What to produce
Exactly and only the lines below from the one containing "Магнитная зарядная шайба" down to the one containing "2023年四川泸州中考语文真题及答案(Word版)06-17" are wanted, both included; please exclude every picture.

Data listing
*** Block opens ***

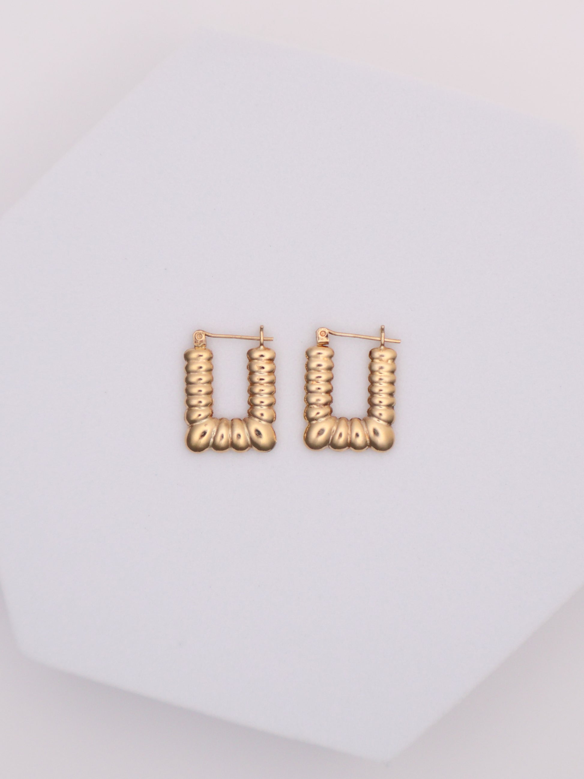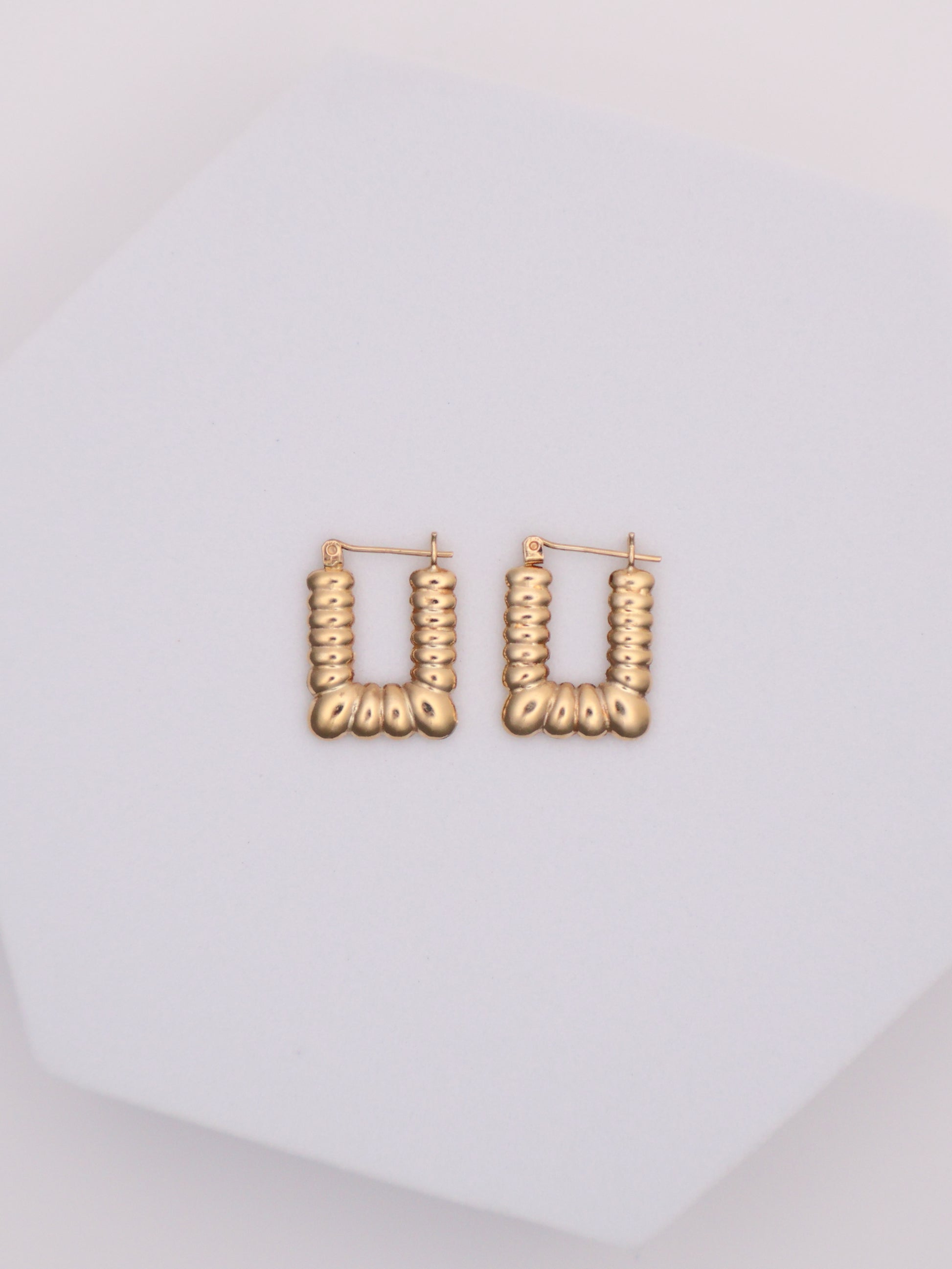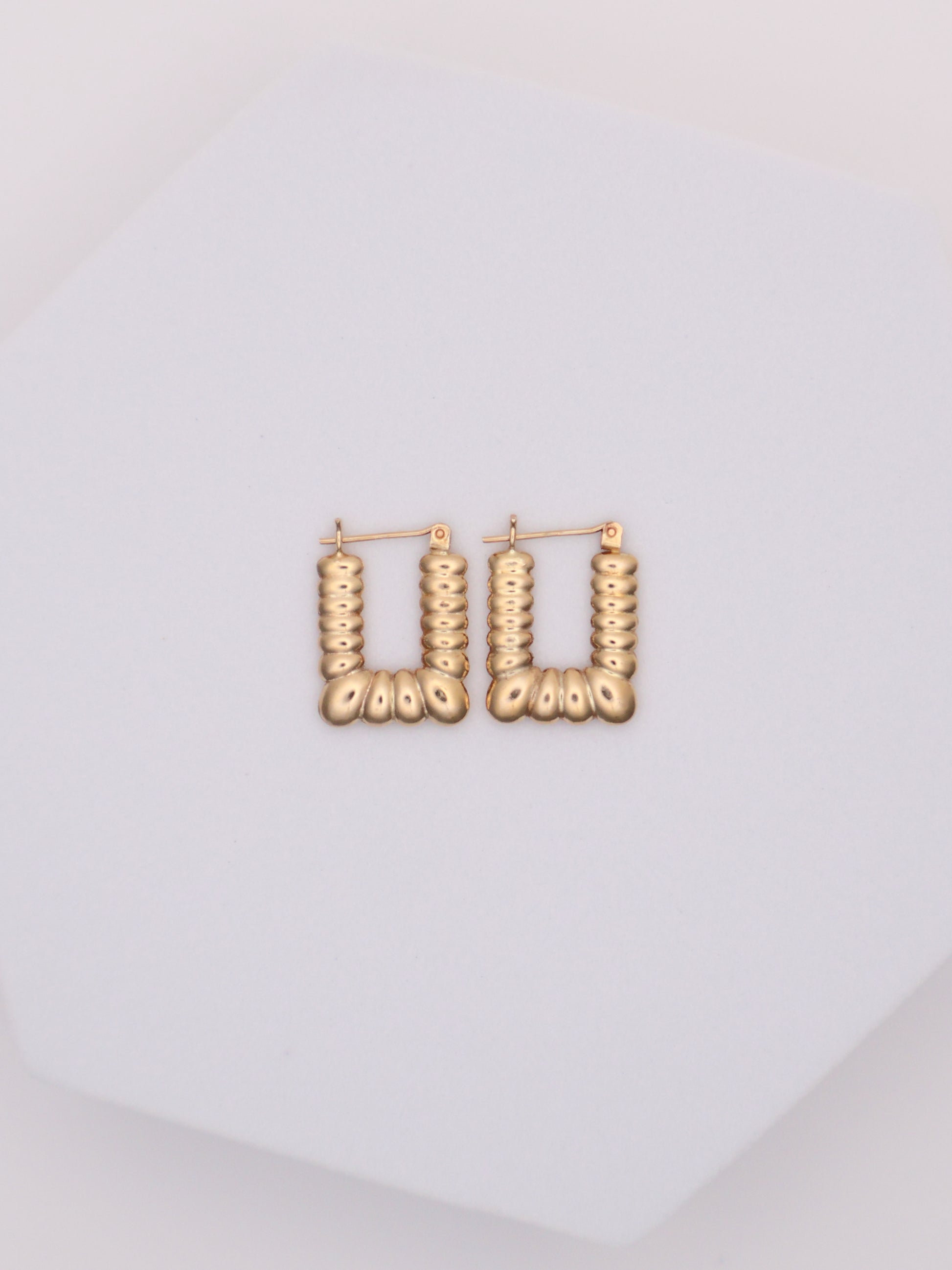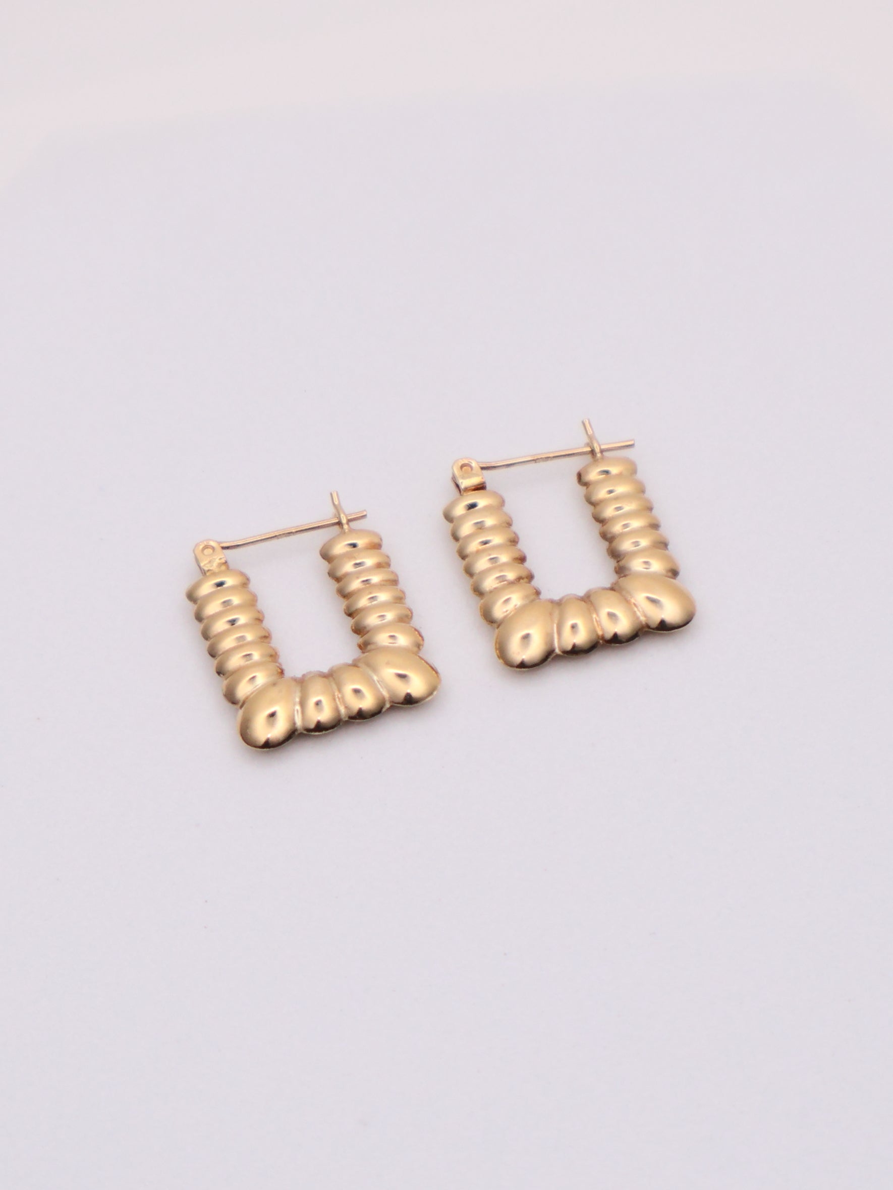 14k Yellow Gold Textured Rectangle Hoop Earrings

*** Block closes ***
*** Block opens ***

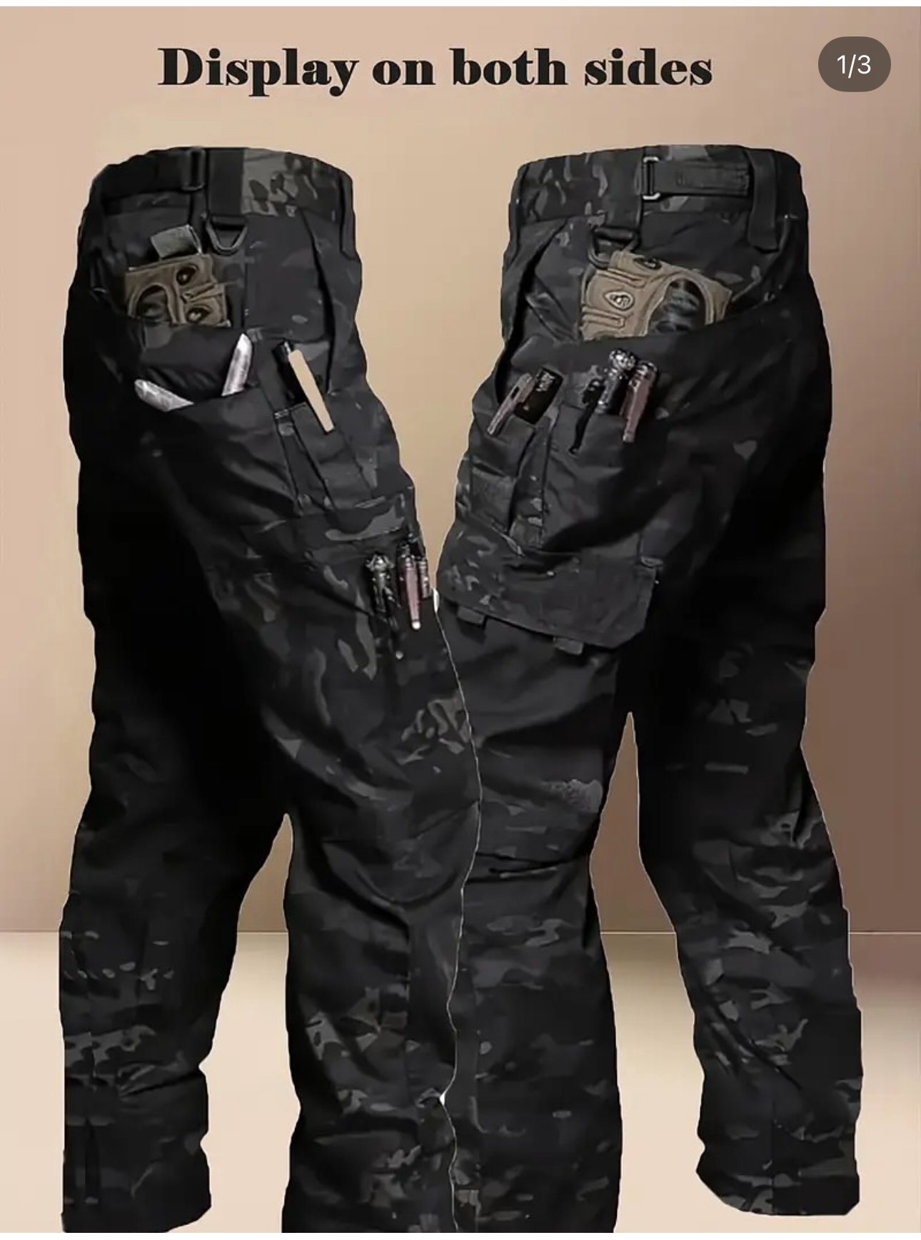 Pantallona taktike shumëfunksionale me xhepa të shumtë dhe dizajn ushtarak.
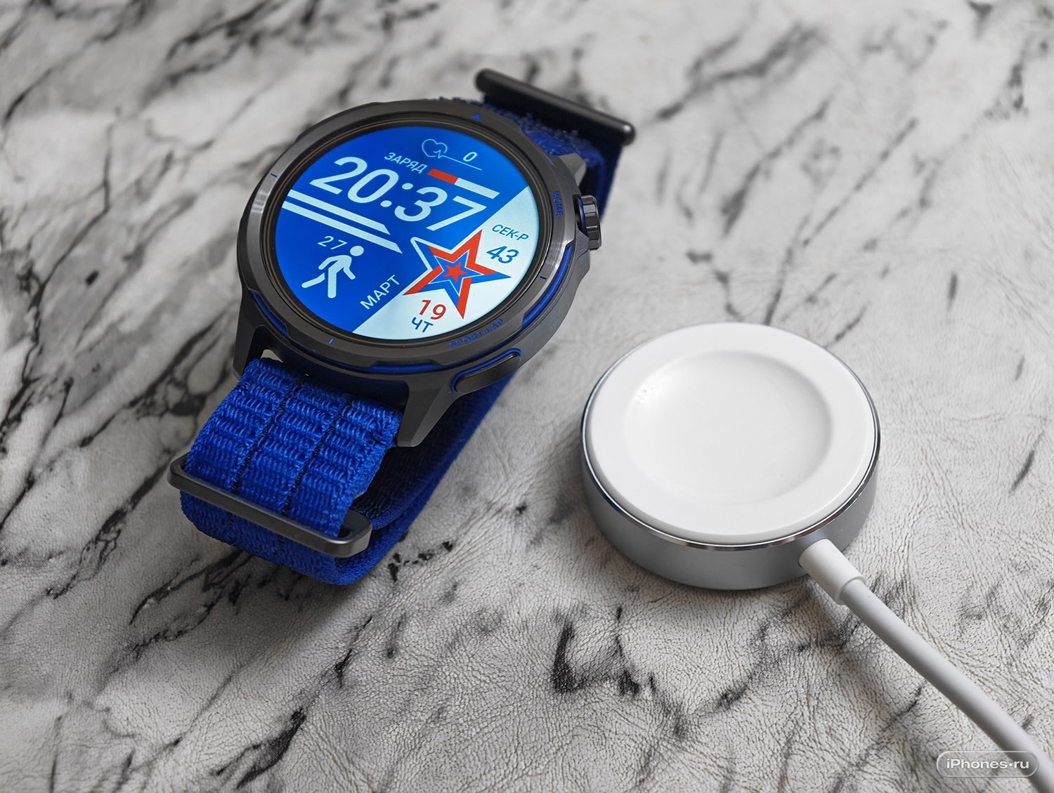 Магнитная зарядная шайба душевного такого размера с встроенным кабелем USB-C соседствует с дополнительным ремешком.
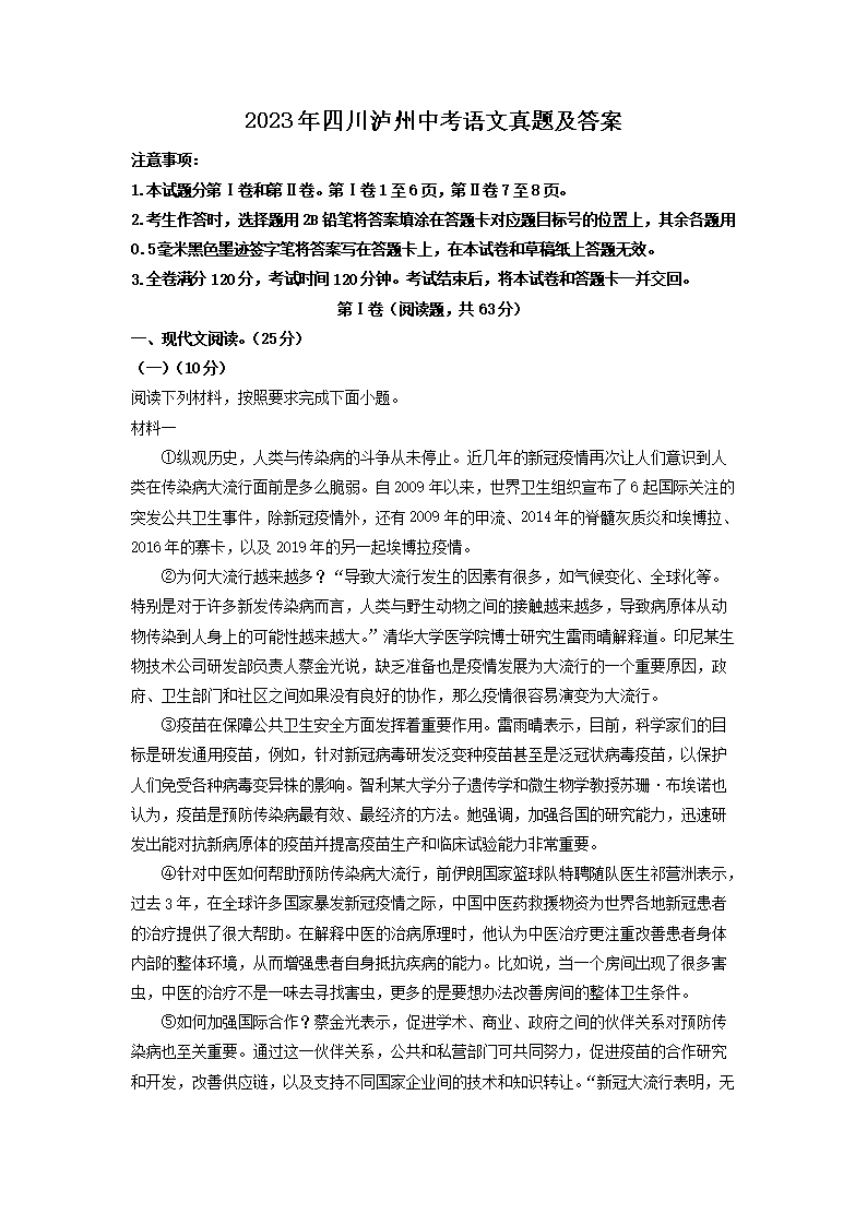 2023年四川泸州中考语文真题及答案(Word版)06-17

*** Block closes ***

Exercise response
 Магнитная зарядная шайба душевного такого размера с встроенным кабелем USB-C соседствует с дополнительным ремешком.
 2023年四川泸州中考语文真题及答案(Word版)06-17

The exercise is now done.